TO DO.
The line with "GVA TECH株式会社(本社:東京都渋谷区、代表取締役:山本 俊、以下GVA" marks the first line to copy, and the line with "5 st. ballonger" marks the last. Transcribe that stretch of the data below exactly, without pictures.

PROVIDED DATA.

----------

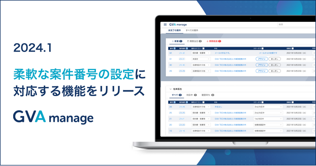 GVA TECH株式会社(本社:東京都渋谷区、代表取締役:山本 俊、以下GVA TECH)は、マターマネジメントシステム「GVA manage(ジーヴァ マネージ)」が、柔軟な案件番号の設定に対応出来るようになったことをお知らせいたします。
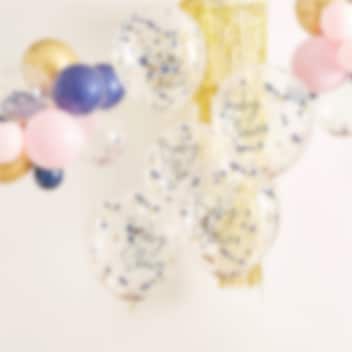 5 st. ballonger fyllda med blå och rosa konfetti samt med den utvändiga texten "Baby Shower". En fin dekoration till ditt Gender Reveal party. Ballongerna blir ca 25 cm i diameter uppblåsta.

----------

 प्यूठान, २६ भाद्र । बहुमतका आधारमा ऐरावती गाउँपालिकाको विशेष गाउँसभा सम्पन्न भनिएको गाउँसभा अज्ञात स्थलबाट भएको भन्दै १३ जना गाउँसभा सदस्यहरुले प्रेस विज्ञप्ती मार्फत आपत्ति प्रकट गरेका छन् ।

----------

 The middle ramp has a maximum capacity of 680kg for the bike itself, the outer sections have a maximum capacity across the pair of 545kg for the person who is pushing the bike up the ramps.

----------

EXERCISE SOLUTION.
 GVA TECH株式会社(本社:東京都渋谷区、代表取締役:山本 俊、以下GVA TECH)は、マターマネジメントシステム「GVA manage(ジーヴァ マネージ)」が、柔軟な案件番号の設定に対応出来るようになったことをお知らせいたします。
 5 st. ballonger fyllda med blå och rosa konfetti samt med den utvändiga texten "Baby Shower". En fin dekoration till ditt Gender Reveal party. Ballongerna blir ca 25 cm i diameter uppblåsta.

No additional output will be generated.